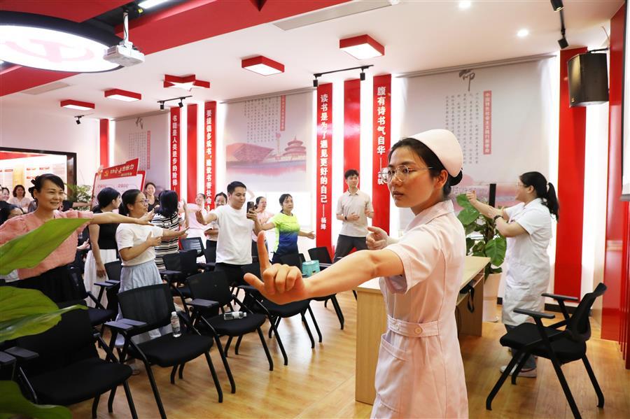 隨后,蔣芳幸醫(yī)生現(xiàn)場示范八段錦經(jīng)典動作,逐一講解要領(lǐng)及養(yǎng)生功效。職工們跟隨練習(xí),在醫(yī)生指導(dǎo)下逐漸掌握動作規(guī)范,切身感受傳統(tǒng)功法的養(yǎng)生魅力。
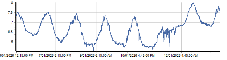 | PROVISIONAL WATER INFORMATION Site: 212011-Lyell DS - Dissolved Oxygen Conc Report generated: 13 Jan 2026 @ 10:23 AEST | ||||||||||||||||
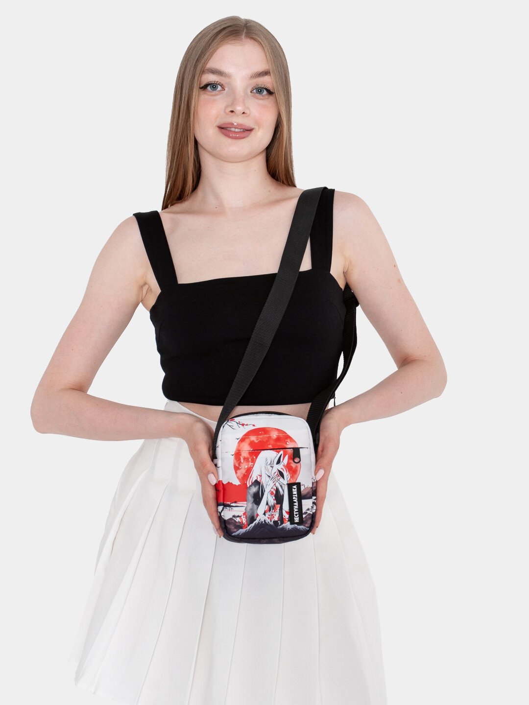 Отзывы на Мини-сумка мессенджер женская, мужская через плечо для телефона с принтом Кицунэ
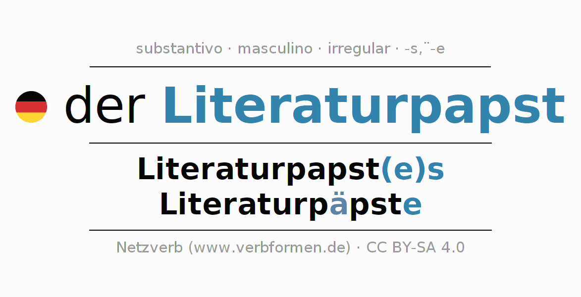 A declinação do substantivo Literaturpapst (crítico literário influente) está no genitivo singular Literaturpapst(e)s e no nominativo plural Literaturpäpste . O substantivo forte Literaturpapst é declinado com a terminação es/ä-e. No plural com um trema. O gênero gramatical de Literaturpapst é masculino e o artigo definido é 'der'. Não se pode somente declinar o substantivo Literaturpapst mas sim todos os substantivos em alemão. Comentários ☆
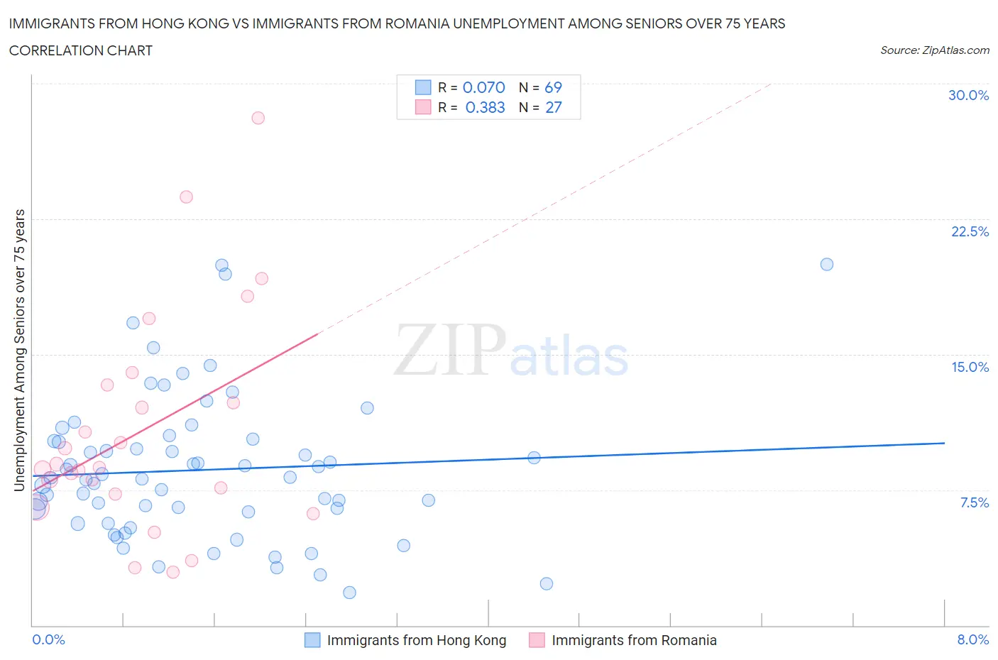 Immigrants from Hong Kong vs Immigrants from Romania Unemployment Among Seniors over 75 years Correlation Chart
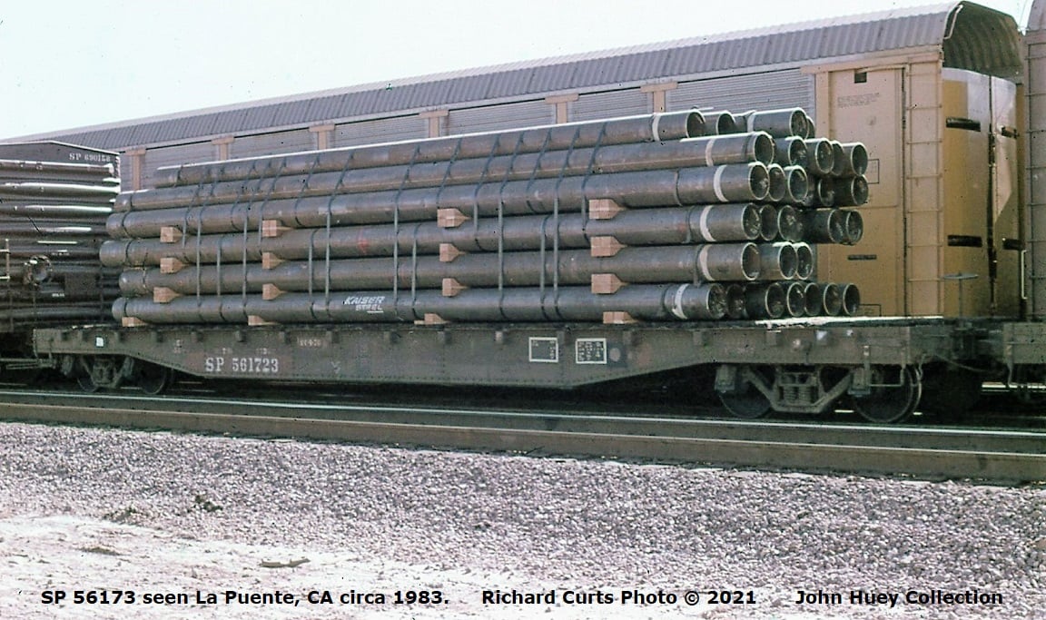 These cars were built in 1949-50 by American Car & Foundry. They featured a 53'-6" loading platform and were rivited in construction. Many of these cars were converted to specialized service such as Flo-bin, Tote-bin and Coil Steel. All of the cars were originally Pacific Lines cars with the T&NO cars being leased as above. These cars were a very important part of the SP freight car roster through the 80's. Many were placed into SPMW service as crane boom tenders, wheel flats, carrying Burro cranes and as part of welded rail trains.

:: About this exercise ::
Print every line of the material above exactly as it reads, skipping the pictures.

:: Written solution ::
 隨后,蔣芳幸醫(yī)生現(xiàn)場示范八段錦經(jīng)典動作,逐一講解要領(lǐng)及養(yǎng)生功效。職工們跟隨練習(xí),在醫(yī)生指導(dǎo)下逐漸掌握動作規(guī)范,切身感受傳統(tǒng)功法的養(yǎng)生魅力。
 | PROVISIONAL WATER INFORMATION Site: 212011-Lyell DS - Dissolved Oxygen Conc Report generated: 13 Jan 2026 @ 10:23 AEST | ||||||||||||||||
 Отзывы на Мини-сумка мессенджер женская, мужская через плечо для телефона с принтом Кицунэ
 A declinação do substantivo Literaturpapst (crítico literário influente) está no genitivo singular Literaturpapst(e)s e no nominativo plural Literaturpäpste . O substantivo forte Literaturpapst é declinado com a terminação es/ä-e. No plural com um trema. O gênero gramatical de Literaturpapst é masculino e o artigo definido é 'der'. Não se pode somente declinar o substantivo Literaturpapst mas sim todos os substantivos em alemão. Comentários ☆
 Immigrants from Hong Kong vs Immigrants from Romania Unemployment Among Seniors over 75 years Correlation Chart
 These cars were built in 1949-50 by American Car & Foundry. They featured a 53'-6" loading platform and were rivited in construction. Many of these cars were converted to specialized service such as Flo-bin, Tote-bin and Coil Steel. All of the cars were originally Pacific Lines cars with the T&NO cars being leased as above. These cars were a very important part of the SP freight car roster through the 80's. Many were placed into SPMW service as crane boom tenders, wheel flats, carrying Burro cranes and as part of welded rail trains.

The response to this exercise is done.